For the Scientifically Curious
Live Oak is the heaviest native hardwood, weighing 55 pounds per cubic foot when air dry. This mass density also made Live Oak the preferred wood to burn as fuel through the years.
Oak trees are members of the Beech family. The formal scientific name for the Oak genus is Quercus Lithocarpus. The Live Oak’s family tree (no pun intended) appears below:
Kingdom: Plantae – Plants
Subkingdom: Tracheobionta – Vascular plants
Superdivision: Spermatophyta – Seed plants
Division: Magnoliophyta – Flowering plants
Class: Magnoliopsida – Dicotyledons
Family: Fagaceae – Beech family
Genus: Quercus L. – Oak
Species: Quercus Virginiana P. Mill. – Live Oak
And just in case you were wondering, that strange, scientific-sounding name for the Live Oak species is pronounced: KWERKUS-us ver-jin-ee-AY-nuh.
Tree trivia, not necessarily about Live Oaks,
but still fascinating nonetheless
A notch in a tree remains at the same distance from the ground as the tree grows.
Quinine, one of the most important drugs known to man, is obtained from the dried bark of an evergreen tree native to South America.
According to the Guinness Book of World Records, the single-seeded fruit of the giant fan palm, or Lodoicea maldivica, can weigh 44 lbs. Commonly known as the double coconut or coco de mer, it is found in the wild only in the Seychelles Islands, off the coast of India.
James Markham obtained the first patent ever issued for a tree in 1932. The patent was for a peach tree.
Rice paper isn't made from rice but from a small tree which grows on the island of Formosa (Taiwan).
Tea was so expensive, when first imported into Europe during the early 17th century, that it was kept locked in wooden boxes.
The California Redwood, more correctly called the Giant Sequoia, is the tallest and largest living organism on Earth.

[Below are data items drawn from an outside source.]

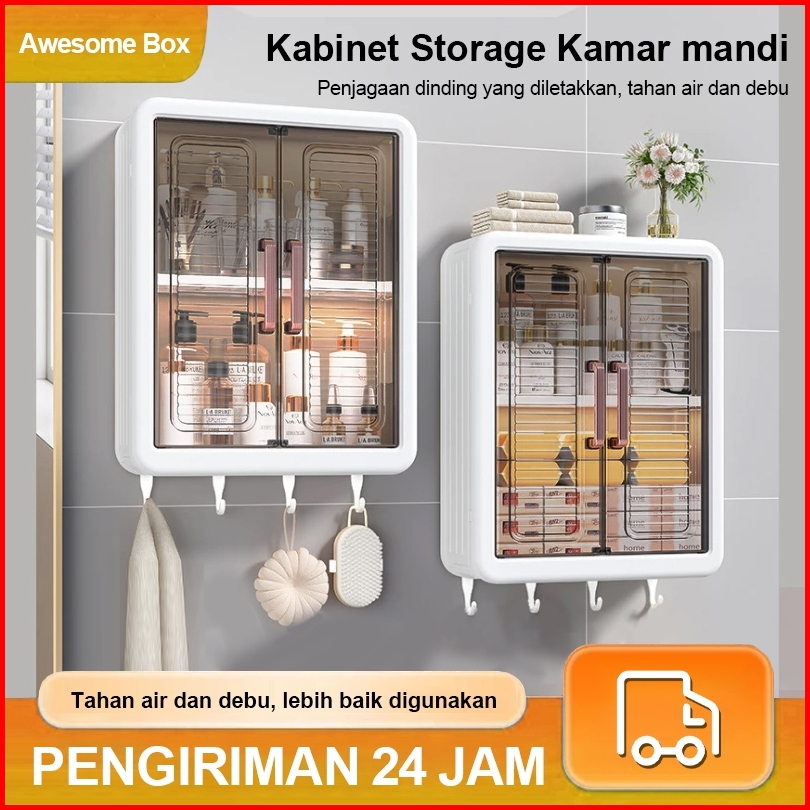 Rak Lemari Dinding Kamar Mandi Multifungsi Rak Penyimpanan Plastik Tahan Air Lemari Kamar Mandi Tertutup Yang Dipasang D
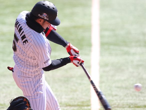 5番 フェルナンデス 中安 1-0から外角寄り高めに浮いたスライダーをはじき返された打球は、ショートの頭上を越えて左中間に弾んだ。2塁ランナーがホームイン。1対2。1塁ランナーは3塁へ。 ![]() 1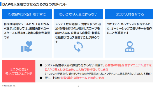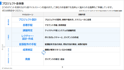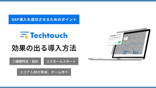 システム上で「操作ガイド」や「入力支援」をリアルタイムに表示させ、誰でも迅速に使いこなせる環境を作るためのコツをご紹介します。 本資料は、DAP(デジタルアダプションプラットフォーム)導入を成功に導くためのポイントやテンプレートを解説した資料です。 テックタッチならノーコードで実現可能 テックタッチは、システム画面上にリアルタイムにガイドを表示させる、DAP(デジタルアダプションプラットフォーム)のサービスです。 操作サポート機能(操作性を向上し、入力ミスや誤操作を防止) 分析機能(活用されていない機能や非効率な操作を発見) フォーム送信完了後、ご入力いただいたメールアドレス宛に資料閲覧用のURLをお送りいたします。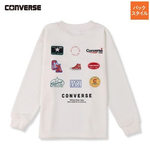 バックにロゴアイコンがずらりと並んだCONVERSEの長袖Tシャツ。

The oldest known living thing is not a giant Redwood, but rather a Bristlecone Pine in the White Mountains of California, with an age estimated at 4,600 years.

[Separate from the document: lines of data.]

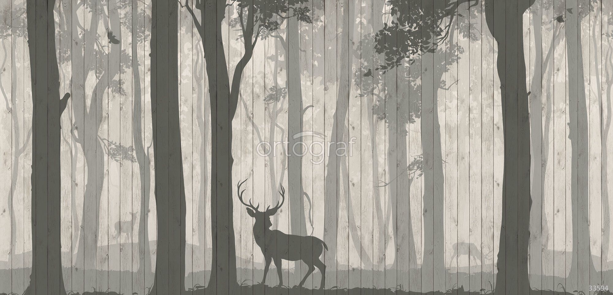Силуэты деревьев и животных в туманном лесу создают спокойную, умиротворяющую атмосферу и визуально добавляют глубину помещению. Такой рисунок отлично подчеркнёт природную тематику интерьера, придавая ему элегантность и гармонию с акцентом на натуральные мотивы. Особенно хорошо подойдёт для пространств отдыха или оформления акцентных стен.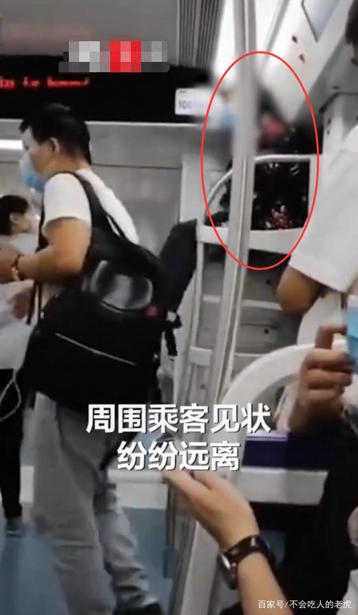 迷惑操作!重庆一老太爬上地铁车厢行李架上蹭坐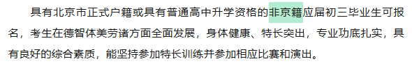 部分学校今年开始招收有升学资格的非京籍学生。例如潞河中学艺术特长生简章: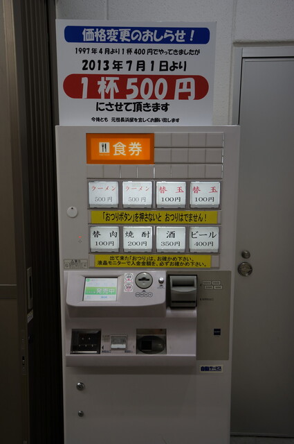 ラーメン500円を自動券売機で買いました。自動券売機は、やたら見やすいというか、わかりやすいというか。ちなみに、口コミを見ると、昔は400円だったみたいですね。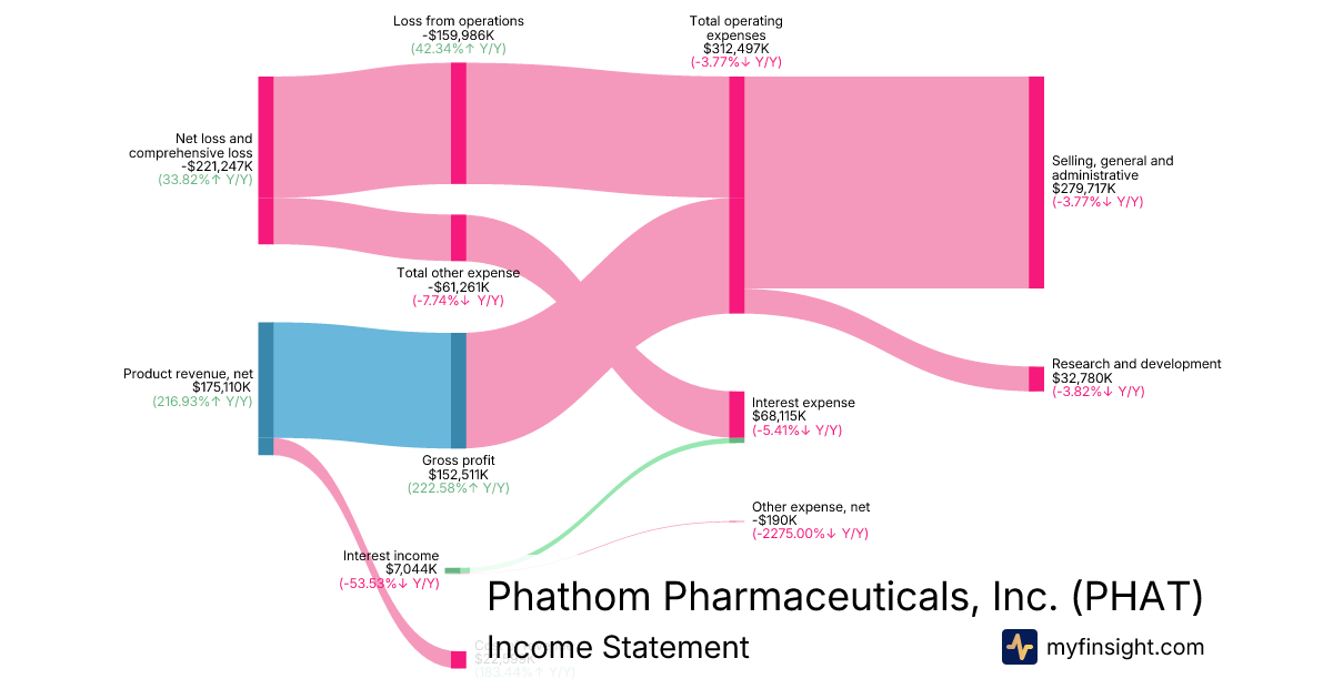 For the year ending 2025-12-31, PHAT made $175,110K in revenue. -$221,247K in net income. Net profit margin of -126.35%.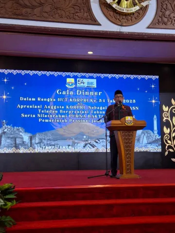 Ketua Dewan Pengurus KORPRI Provinsi Jambi yang sekaligus Sekretaris Daerah Provinsi Jambi Bapak DR. H. Sudiman, SH., MH. membuka acara Gala Dinner dalam rangka Hari Ulang Tahun Korpri yang ke 54, sekaligus menjadi malam Apresiasi Anggota KORPRI sebagai ASN Teladan Berprestasi Tahun 2025 serta malam silaturahmi Purna Bhakti ASN Pemerintah Provinsi Jambi Tahun 2025.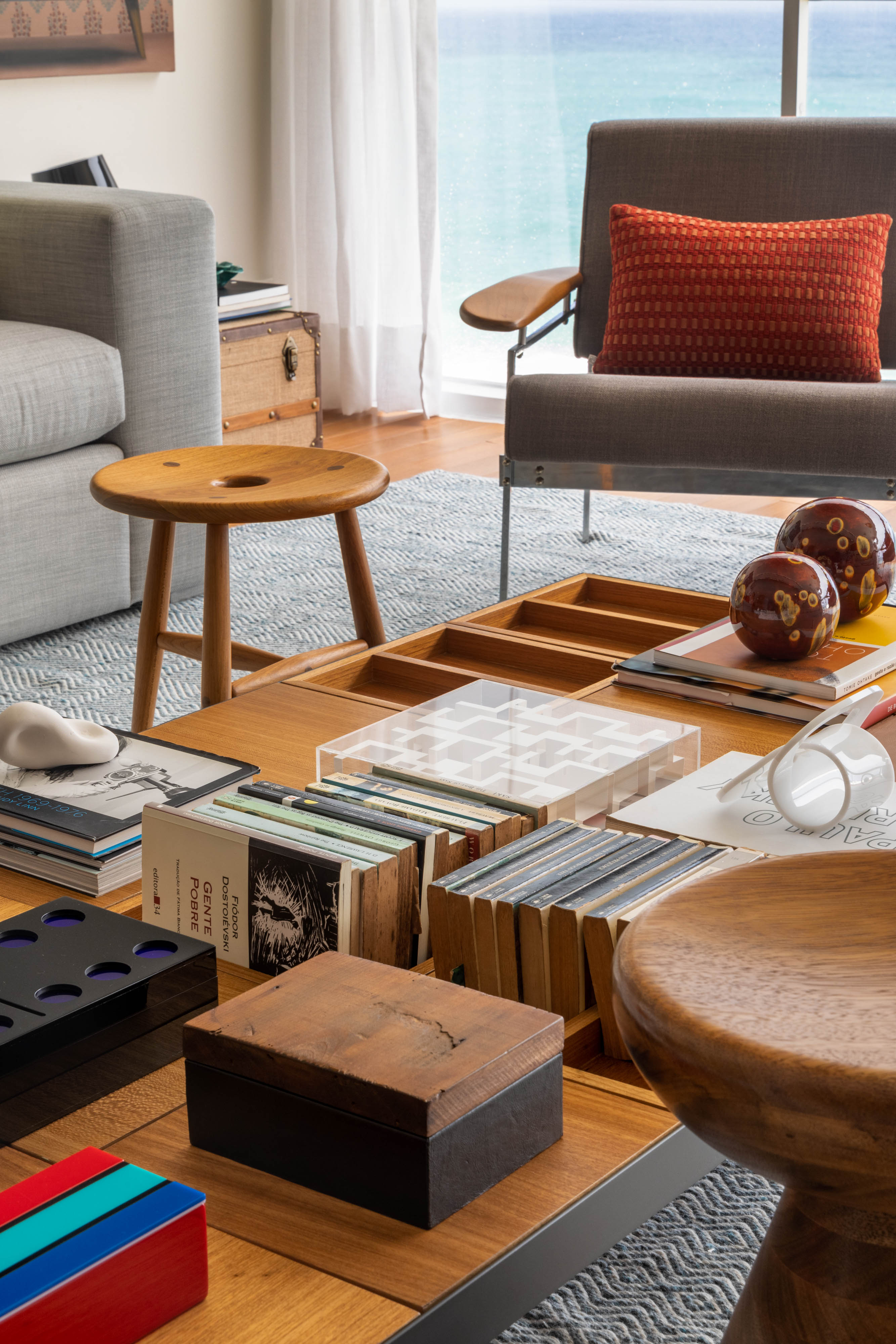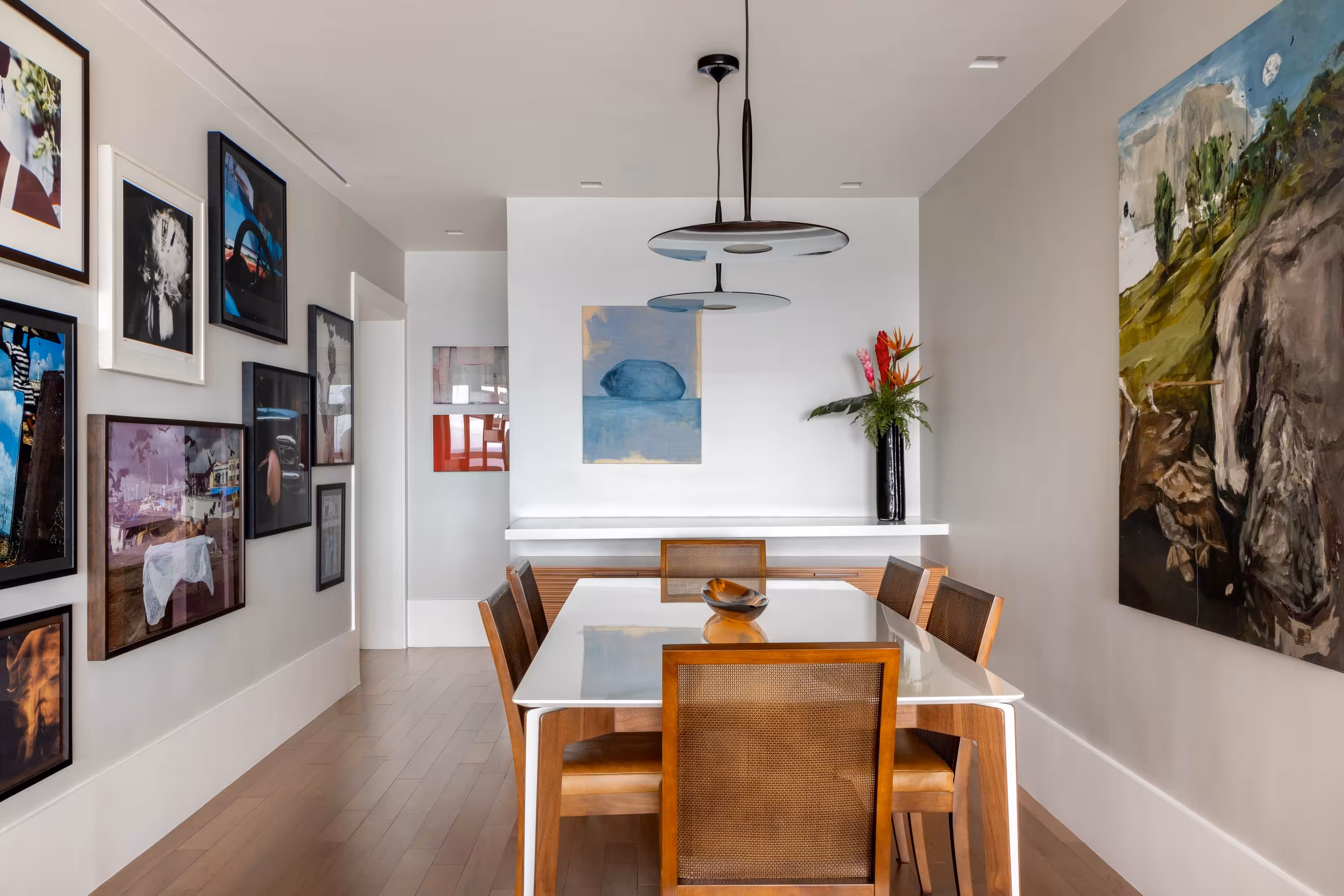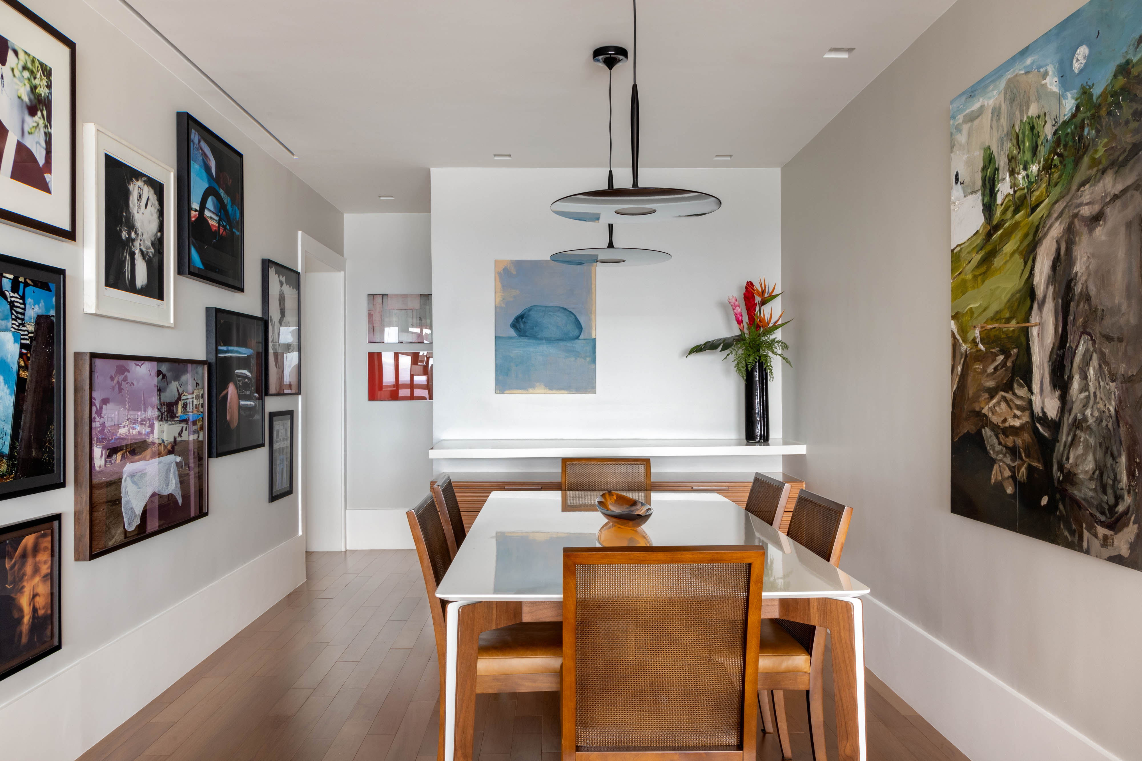 Logo na entrada, o visitante é envolvido por uma atmosfera calorosa e sofisticada. O piso em madeira aquece o ambiente, enquanto a marcenaria e o mobiliário em tons neutros servem de base para um importante acervo de obras de arte contemporânea, que se distribui pelas paredes e dialoga com o mar ao fundo.

The pineapple was a symbol of hospitality and welcome during the 18th and 19th centuries, which explains why one sees so many pineapple motif door knockers in New England. Seafarers of the era brought pineapples home as favored gifts.
Salicylic acid, derived from Willow bark, has been used as a pain remedy for over 2,500 years. The Greeks first discovered the bark’s therapeutic power. You probably know Salicylic acid better as aspirin.
The Rose family, in addition to the well known flower, includes apples, cherries, pears, plums, almonds, apricots and peaches.
Bamboo, which can reach 130 feet or more in height, is not a tree. It is actually the world’s tallest growing grass.
(1) During the USS Constitution’s battle engagement with HMS Guerriere on August 19, 1812, an unidentified sailor reportedly exclaimed, “Huzzah, her sides are made of iron!” after British cannonballs appeared to bounce off the American frigate’s thick wooden hull. The 18-pound British cannonballs were simply unable to penetrate Constitution’s hull, which reaches a thickness of 25 inches at the waterline. Her hull comprises three layers of Oak: Live Oak for the frames, or middle layer, and White Oak for the planking on either side of the Live Oak. The USS Constitution defeated four frigates of the mighty British navy during the War of 1812, including two in a single day, prompting the British Admiralty to issue an order that future one-on-one engagements with the Americans be avoided if at all possible. The USS Constitution, today permanently berthed in Boston Harbor, was launched on October 21, 1797 and—befitting her Live Oak framing—is the world’s oldest commissioned warship.